If you can rely on Python being present then that might be the way to go.

A possible alternative would be to do something like this:

start = StopMSTimer(-2); ExecuteScriptText/B "cmd /c dir /O-D /TC /B /R c:\Windows\system32\*.dll"; print (Stopmstimer(-2)-start)/1e6, ItemsInList(S_value, "\r")

In this case that gives you a directory listing of all .dll files in the given directory, sorted by creation date (/TC), with the most recently created file first. So you would just need the first line of the output of this command for every directory. Then you would need to call GetFileFolderInfo on those files to get the actual creation timestamp to determine which one was created first.

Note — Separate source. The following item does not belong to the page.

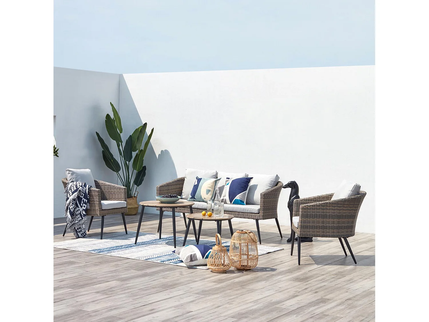 Loungeset Tibouta 5 plaatsen van gevlochten hars met schuine poten
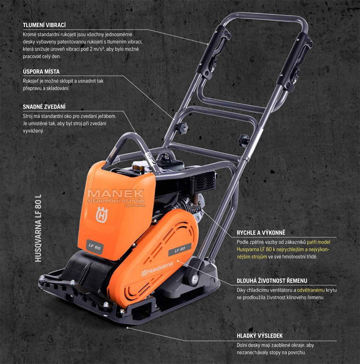 Vibrační deska Husqvarna LF 100 L je vhodná pro opravy a údržby středního rozsahu. Deska je vhodná pro použití na sypké spodní vrstvy - písky a štěrky, zámkovou dlažbu i pro použití na asfalt. Byla navržena pro zhutňování mělkých až středně hlubokých vrstev, které vyžadují dobrou trakci, vysokou odstředivou sílu a vyšší frekvenci.

This may or may not be significantly faster than calling GetFileFolderInfo on every file in every folder. On my Windows machine, the line above takes 0.31 seconds to execute and finds 3638 files. As a comparison, the test based on your code and file names took about 0.6 seconds for around 1600 files.

Someone with more command line experience might be able to put together a command that would give you just the most recent file in a directory.